Exercise 5.13 — Donations Data Analysis (Challenge)

Using oda_donations.csv:

a) Separate donations into small-dollar (< $200) and large-dollar (>= $200) categories. Compute the share of total dollars that comes from each category for each recipient party.

b) Create a stacked bar chart showing, for each party, the proportion of total dollars coming from each donation size bucket.

c) Which party has a higher share of small-dollar donations? What does this suggest about each campaign's grassroots support base?

d) Look at donor occupation. What are the top 10 occupations by total donation amount for each party? What patterns do you observe?


Exercise 5.14 — Combining Multiple Tables (Challenge)
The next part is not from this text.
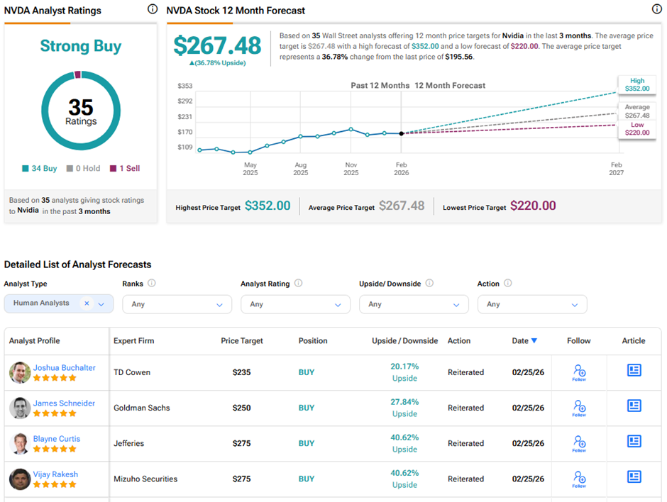 On TipRanks, Nvidia stock commands a Strong Buy consensus rating based on 34 Buys and one Sell rating. The average Nvidia price target of $267.48 implies 36.8% upside potential from current levels. Over the past year, NVDA shares have surged 49%.
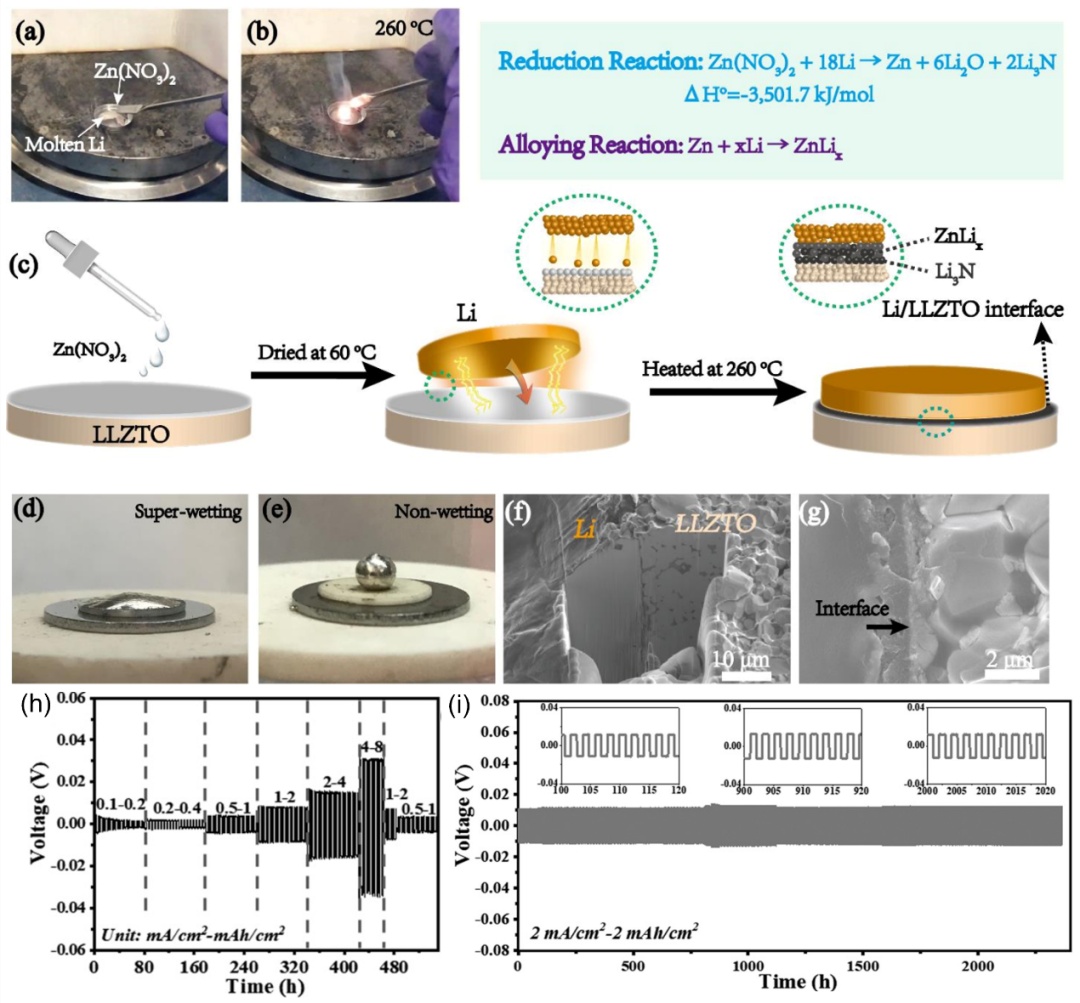 圖6.(a)熔融鋰上沉積Zn(NO3)2;(b)Zn(NO3)2與Li在260℃反應;(c)示意性示出了在Li和LLZO型SE之間制備ZnLix/Li3N基界面層的過程;(d)熔融鋰對含有ZnLix/Li3N涂層的LLZO的浸潤性;(e)熔融鋰對LLZO的潤濕性;(f)SEM顯示Li和ZnLix/Li3N涂覆的LLZO片之間的緊密接觸;(g)(f)中界面周圍的放大視圖;(h)鋰對稱電池在不同電流密度恒電流充/放電下的電化學性能;(i)鋰對稱電池在2mAcm-2恒電流充電/放電下的循環(huán)性能。經(jīng)許可復制,版權(quán)2020,WileyVCHVerlagGmbH&Co.KGaA,Weinheim。

This exercise requires joining two ODA tables.

a) Filter oda_ads.csv to the Garza-Whitfield state. Compute weekly Democratic and Republican ad spending.

b) Filter oda_polls.csv to the Garza-Whitfield state (LV polls). Compute a weekly polling average for each candidate.

c) Join the two weekly series on date. Create a two-panel plot: the top panel shows the polling trend and the bottom panel shows weekly ad spending. Use the same date x-axis for both.

d) Is there any visible relationship between ad spending spikes and polling movement? Apply the analytical frameworks from Chapter 4: what alternative explanations exist for any patterns you observe?


Reflection Questions

R1 — After working through the ODA Dataset, what surprised you most about the structure or content of political data? What was harder than you expected?

R2 — In Exercise 5.12, the county targeting analysis assigns a single "opportunity score" to each county. What assumptions is this approach making? What important information is it ignoring?

R3 — Sam Harding's realization in Section 5.12 — that likely voter models systematically underrepresent communities whose mobilization is actively being contested — applies to many political analyses. Can you think of two other situations where the filtering or weighting choices in a political analysis systematically exclude or underweight a particular population? What are the policy implications of those exclusions?